Open an archway from dining room (D) to the new kitchen (K). Also, open up the non-load bearing wall from the kitchen to the hall and put a new door a bit further down. This gives you valuable extra kitchen space. your kitchen then can fit a big fridge/freezer (F) plus hob (H) and sink (S) on one long run of worksurface. And there would be space for a small table too.

In the dining room, you could fit either a big table for 10 across the whole room or a smaller round table. I drew the smaller option because I think (from the garden plans) that you will be using the dining room door as your main door into the house, and so it might be good to have more space nearby. In fact, I might be tempted to build a large porch with storage for coats & boots & kids scooters etc on the outside of the dining room door if that were possible.

Unfortunately we couldn't bring that wall back as the stairs are fairly low and open in that hallway. I've been trying to make better use of that chunk of hallway on route to the existing kitchen as well (unsuccessfully)
OP posts:
Layouthelpplease · 31/01/2022 14:52

@longtompot

As you are taking out the chimney breast in the dining room, could you take out that whole wall and have a steel across for support and make the kitchen diner the centre of the house?
We are as it's quite big and we have to take it out upstairs to create a corridor so seems sensible to take it out in that room as well. Good idea adding the hall in that way too, will need to see if we could support steels there as weirdly every single wall in this house is load bearing
OP posts:
Layouthelpplease · 31/01/2022 14:53

@mandoforever

We've got a steel in our downstairs across the whole width of the house, it wasn't a big deal, 6 years ago about a £1,000 plus structural calculations. I didn't want a pillar. What was surprisingly costly was moving gas, electricity and plumbing, this was downstairs.
I'm very much hoping it's around that kind of cost but everyone is very doom and gloom about costs atm
OP posts:
charlielimacharlie · 31/01/2022 21:54

I have been looking at your layout and it hasn't been easy to come up with an easy solution, considering all of the load-bearing walls! If the fireplace/chimney is being removed from the current dining room, why not move your kitchen in there and open up a section of wall between this room and your current sitting room? I see there is a change in level between these two spaces - you could make a feature with wide steps down from the kitchen into a dining / family space. Moving your utility room and creating a shower room where your current kitchen is a good option. You would need a steel beam where you create the opening but this could be an option to create that open plan family space without being too intrusive to the structure. Happy planning!

Help me redesign?
YellowLemonz · 31/01/2022 22:06

@charlielimacharlie you win!

Layouthelpplease · 01/02/2022 01:08

@charlielimacharlie

I have been looking at your layout and it hasn't been easy to come up with an easy solution, considering all of the load-bearing walls! If the fireplace/chimney is being removed from the current dining room, why not move your kitchen in there and open up a section of wall between this room and your current sitting room? I see there is a change in level between these two spaces - you could make a feature with wide steps down from the kitchen into a dining / family space. Moving your utility room and creating a shower room where your current kitchen is a good option. You would need a steel beam where you create the opening but this could be an option to create that open plan family space without being too intrusive to the structure. Happy planning!
Wow that's amazing! Very impressed with the drawing thank you. The more we keep looking at the rooms I think this is the closest to what we're trying to achieve.

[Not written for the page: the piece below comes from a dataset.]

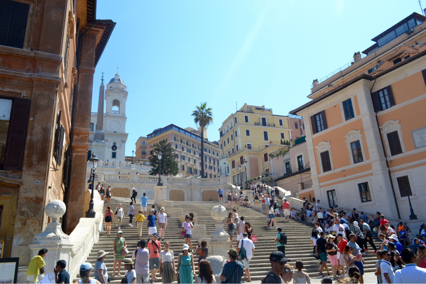 On commence par la place d’Espagne (qui doit bêtement son nom à l’ambassade d’Espagne auprès du Saint Siège qui s’y installe en 1620) et son célèbre escalier. On a rusé, on l’a pris en descendant. Ça a quand même épuisé WizzBoy, qui n’a pas trouvé ça fun du tout. Marichéri a aussi été frustré de ne pas pouvoir éviter les touristes sur la photo.

Sorry I should have mentioned but didn't think it was that noticeable on the drawings, the current sitting room is down a level but the chimney breast removal is because we're extending out over that extension upstairs which will allow us to raise that floor level to the same as the rest of the house so wouldn't even need the steps.

OP posts:
charlielimacharlie · 01/02/2022 08:02

@Layouthelpplease even better if there's no change of level!